» **DATA**:
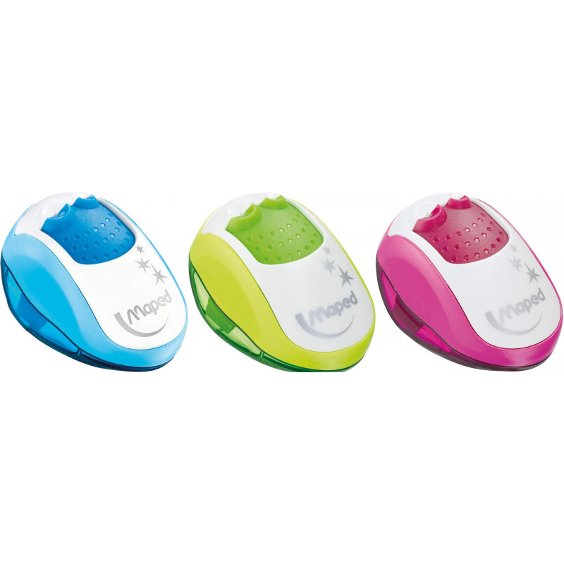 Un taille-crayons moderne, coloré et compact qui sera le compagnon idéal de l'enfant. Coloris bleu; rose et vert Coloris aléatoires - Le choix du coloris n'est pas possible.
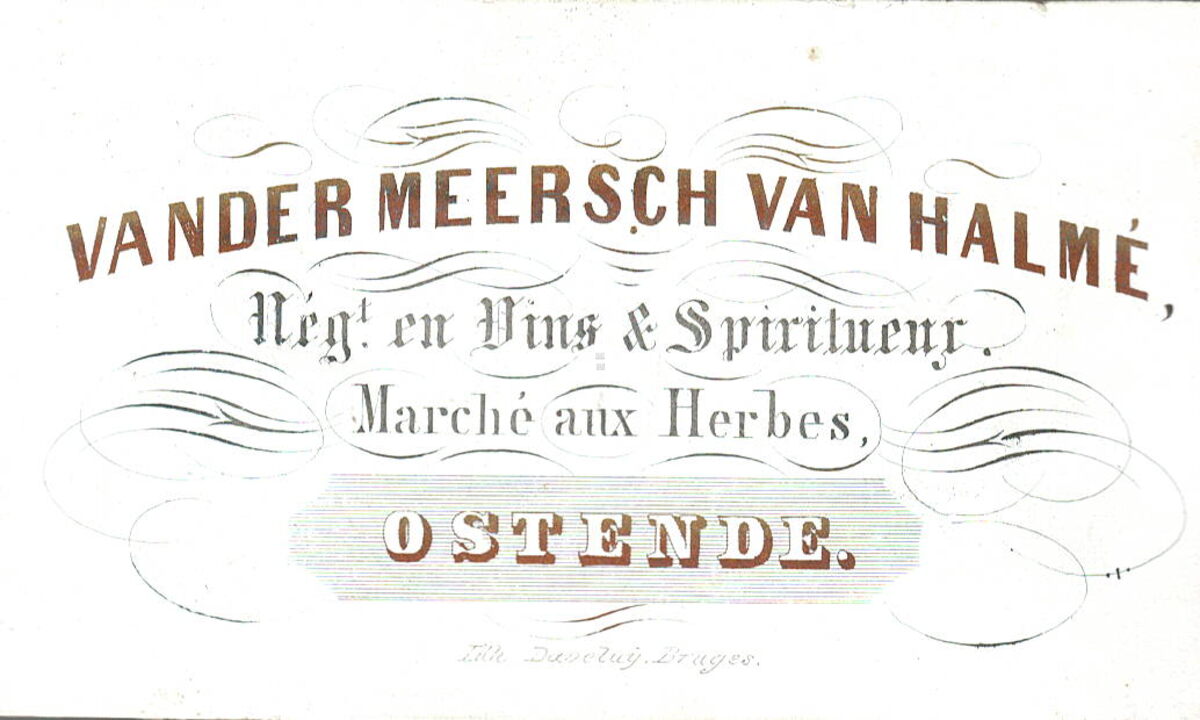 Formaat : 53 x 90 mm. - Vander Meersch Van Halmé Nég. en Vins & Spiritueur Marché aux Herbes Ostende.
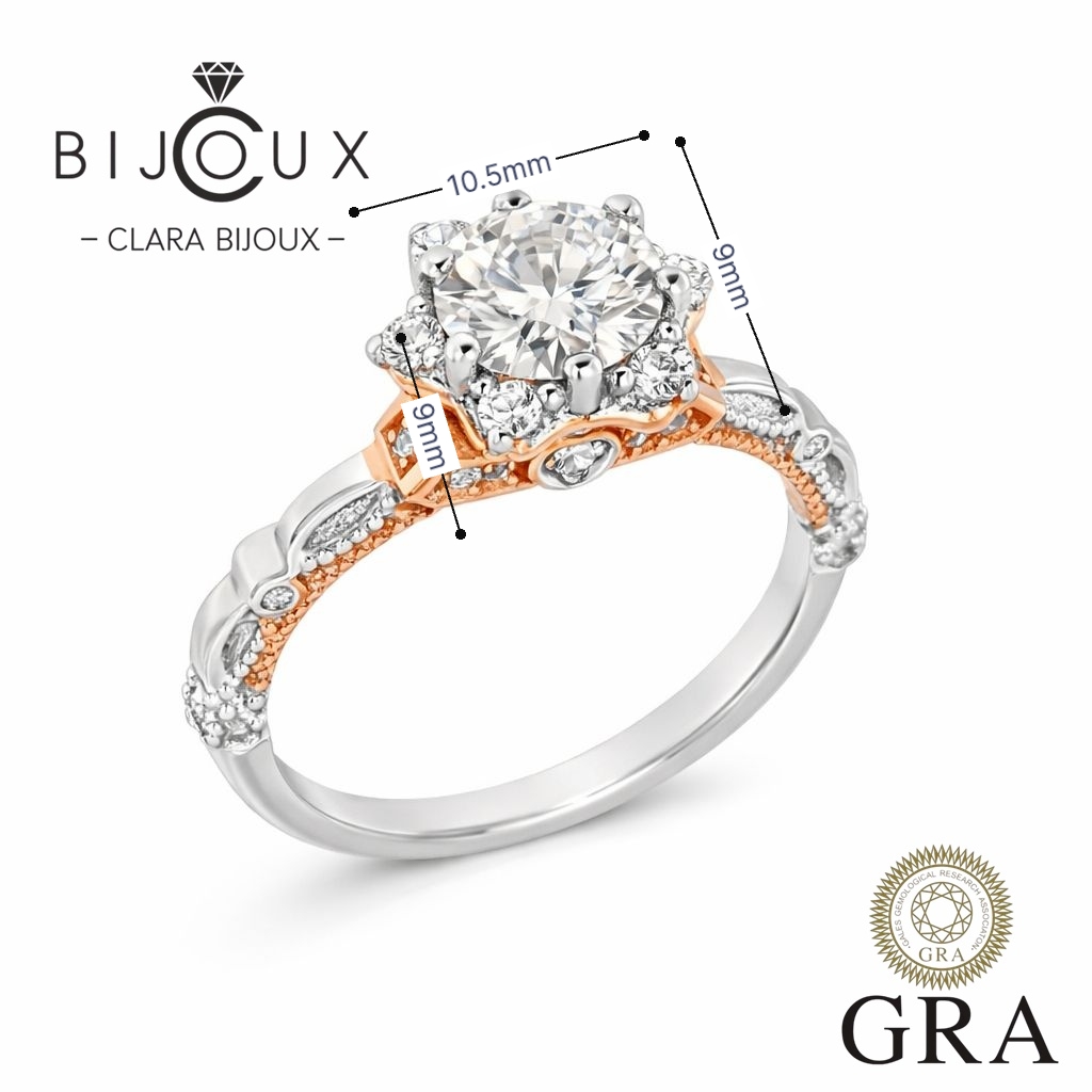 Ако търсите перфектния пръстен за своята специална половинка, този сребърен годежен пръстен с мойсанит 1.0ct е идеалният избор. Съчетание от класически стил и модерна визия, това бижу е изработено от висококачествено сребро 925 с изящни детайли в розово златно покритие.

» **TASK**: Only the lines from the first line of the data above through the line with "Formaat : 53" should appear in the answer, retyped exactly, with every picture left out.

» **SOLVED EXERCISE**:
 Un taille-crayons moderne, coloré et compact qui sera le compagnon idéal de l'enfant. Coloris bleu; rose et vert Coloris aléatoires - Le choix du coloris n'est pas possible.
 Formaat : 53 x 90 mm. - Vander Meersch Van Halmé Nég. en Vins & Spiritueur Marché aux Herbes Ostende.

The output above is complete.